Comparisons to the HIPAA privacy rule must be made on a provision-by-provision basis, not on the basis of entire laws. And doing such an extensive comparison once is insufficient, since there is nothing in the federal privacy rule that prevents states from passing new laws or revising old ones.

Under the privacy rule, a provision “relates to” PHI if it has the specific purpose of protecting the privacy of health information or affects the privacy of health information in a direct, clear and substantial way. An example of a law “relating to” PHI is a domestic violence law that requires a victim to sign a waiver before a domestic violence counselor can disclose confidential communications by that person.

As the next step in a preemption analysis, the relevant provisions of state law must be compared with provisions of the federal privacy rule to find out if they are “contrary” to the HIPAA provisions. A provision is “contrary” to the privacy rule if a provider would find it impossible to comply with both the state and federal requirements, or if the provision of state law stands as an obstacle to accomplishing the full purposes and objectives of the privacy rule. For example, if the federal privacy rule requires patient consent before certain information is disclosed, but the state law permits that information to be disclosed without consent, then the state law would be contrary to the privacy rule. Not only would it be impossible for a provider to comply with both laws, but the state law provision also would be an obstacle to the consumer protection objectives of the HIPAA privacy rule.

A “contrary” state law provision may still stand if it is an exception to federal preemption as set forth in the HIPAA privacy rule. These exceptions include: state laws related to health care fraud and abuse; regulation of health plans; reporting on health care delivery or costs; public health, safety, or welfare; and the regulation of controlled substances. Under these exceptions, the federal rule will remain in effect until HHS has made a determination based on reviewing a request for an exception by the state governor (or his or her designee) as to whether the state law fits into the exception and will stay in effect.

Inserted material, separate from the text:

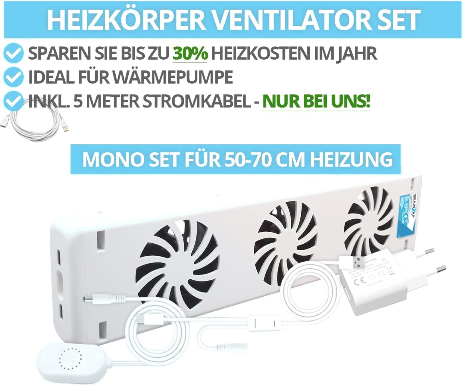 Zustand: Neu - Heizkörperregler & Zubehör - Heatfan - 3 56202 - EAN: 8721008756202 - Universell & einfache Montage: Der Heizkörper Ventilator lässt sich dank klickbarer Eckstücke auf alle Heizkörper und Wand oder Bodenkonvektor montieren. Installation in wenigen Minuten, ohne Werkzeug Energie sparen & Kosten senken: Mit bis zu 30 % weniger Gasverbrauch und einer möglichen jährlichen Ersparnis von Œ€ 396 € heizt der Heatfan effizienter. Die Wärmeverteilung verbessert sich deutlich. Komplettset: 2x Heatfan 3, 1x Touch Sensor, 1x Netzstecker, 1x Handbuch Mit weniger als 20 dB ist der Heatfan leiser als eine tickende Uhr. Ideal für Büroräume oder Wohn-, Schlaf- und Kinderzimmer. Modernster Technologie: Der Sensor schaltet die Ventilatoren automatisch ein, sobald der Heizkörper eine Temperatur von 25,3 °C erreicht. Sie können leicht erkennen, wann die Ventilatoren aktiv sind: Dies wird durch die rote LED-Leuchte am Sensor angezeigt. Langlebig & stark: Mit 2200 RPM, über 70.000 h Lebensdauer und 3 Ventilatoren erzeugt pro Heatfan 57m3/h Luftstrom. Der 32cm kleine Heizungsventilator verteilt Wärme schnell & gleichmäßig im Raum. - Verkäufer: Heatfan im amazon.de Marketplace Das SpeedComfort Trio-Set mit Control Sensor ist eine Premium-Option für größere Heizkörper oder mehrere Einheiten, die eine präzise Steuerung und hohe Energieeinsparungen bietet. ![]() ![]() SpeedComfort Heizkörper Ventilator mit Control Sensor - Trio-Set (3x) - Bis zu 22% Energieeinsparung - Heizungsventilator Wärmepumpen-geeignet - Mehrere Geschwindigkeiten - Flüsterleise

More Stringent Provisions Take Precedence

Another important exception to federal preemption of state laws, as mentioned earlier, relates to state law privacy provisions that are more stringent than the privacy rule. The federal rule will not preempt more stringent state provisions. Stringency is determined from the standpoint of patient protection and access to records. A law is considered more stringent if it provides greater privacy protection for patients or permits greater access by patients to review and/or amend information in their health records.

For example, one provision in the federal privacy rule permits a public official such as a police officer to determine in certain circumstances whether protected health information can be disclosed. If under those same circumstances, a state’s law requires a court order for disclosure, the state law would be more stringent. Therefore, it would prevail and not be preempted by HIPAA. Disputes about whether a state law is more stringent than the corresponding provision in the HIPAA privacy rule will not be decided by HHS, but must be ruled on by state courts.

“We are pleased with the consumer protections provided by the federal privacy rule, including the fact that more stringent state law provisions are not preempted by HIPAA,” said APA Practice Director Executive Director Russ Newman, Ph.D., J.D.

“The HIPAA privacy rule assumes that psychologists know what state laws already regulate their practice,” says Dr. Newman. “But the process of doing a state preemption analysis may get complicated,” he added. The APA Practice Organization along with state psychological associations and the APA Insurance Trust are taking a lead role in analyzing and addressing the state preemption issue. “We’ll be giving practitioners further guidance on the state preemption issue as a result of our collaborative efforts,” he said.